There's a common adage in business that 80% of your revenue will come from 20% of your client base.
In my experience coaching businesses, it's not always true. However, it does raise an interesting question - do you know where your revenue comes from? Asked another way: how well do you know your business, your business model, your clients, and how well it performs overall?
This is why it's important to go through your business and identify strategic metrics that will help you grow and change. It's why we employ data scientists and financial analysts - to help us see metrics in complex organisational information.
SOME QUESTIONS THAT METRICS COULD HELP WITH
Think about how everyday decisions are made:
"I have a technician employed, whose spare time is better spent cleaning the store than driving around to clients who probably won't buy anything"
"Investing in a new IT system is not worth it"
"Sending out a targeted SMS marketing campaign costs $300, and that's not worth it"
"Presence is everything, so we're opening a new store in that shopping centre".
Everything you do in business is an investment. Every minute you are spending money.
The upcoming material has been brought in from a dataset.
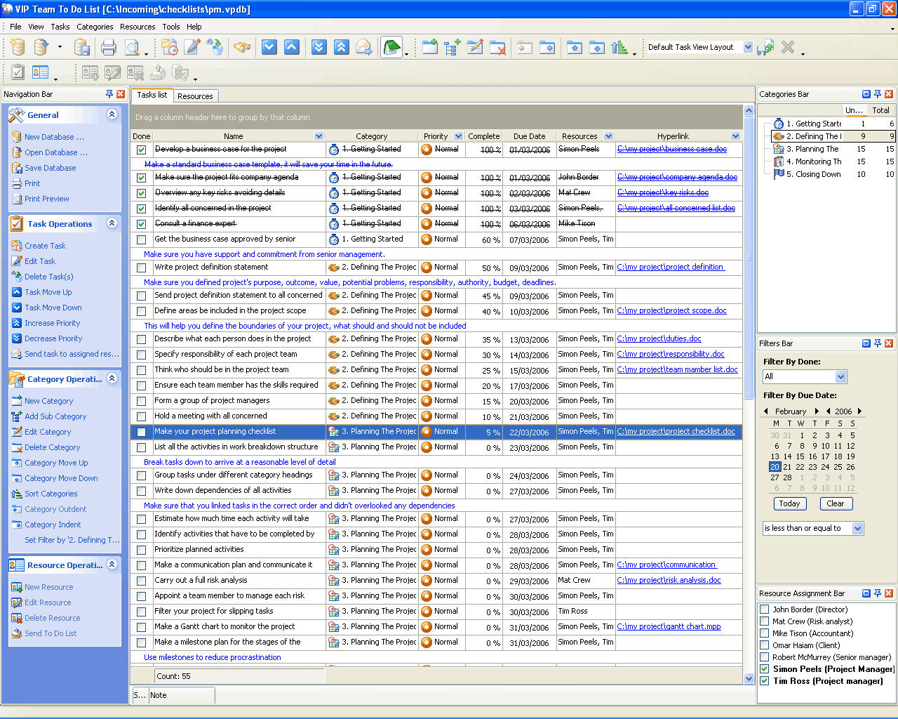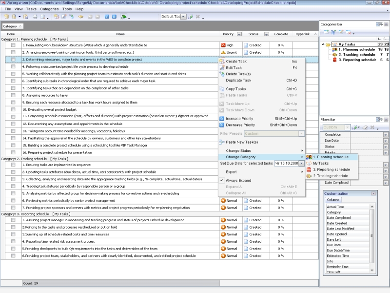 Project scheduling is a process that states how to manage time and resources to accomplish work. Use a scheduling software tool (VIP Task Manager is recommended) and t his developing project schedule checklist to plan and track the schedule of your project.
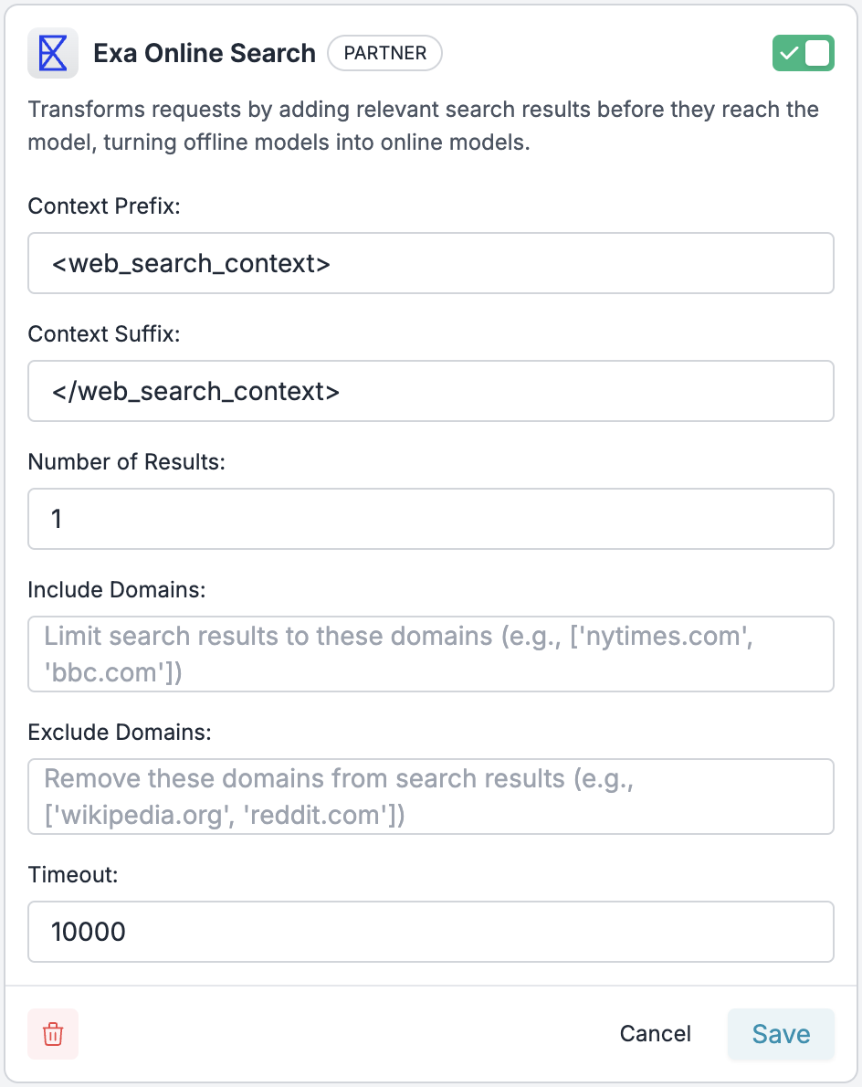 Step 1: Enable Exa Plugin in Portkey

You are choosing whether you spend that money on a range of activities - meetings, phone calls, administration, lead generation, client retention, marketing etc. Good data (note here I say "good", not "lots" , and not "hard to collect") can add a significant level of insight into how you go about your business.
Data turns hunches into evidence-informed decisions, manages risk, and protects against faulty assumptions.
For me, data activities fall into 3 loose categories:
Collection: Bringing the data together
Analysis: Getting the data to tell you something
Monitoring: Once you have made changes, are they having the desired result.
Having a customised set of performance/business intelligence metrics which tell you useful things can transform your business. Data turns hunches into evidence-informed decisions, manages risk, and protects against faulty assumptions.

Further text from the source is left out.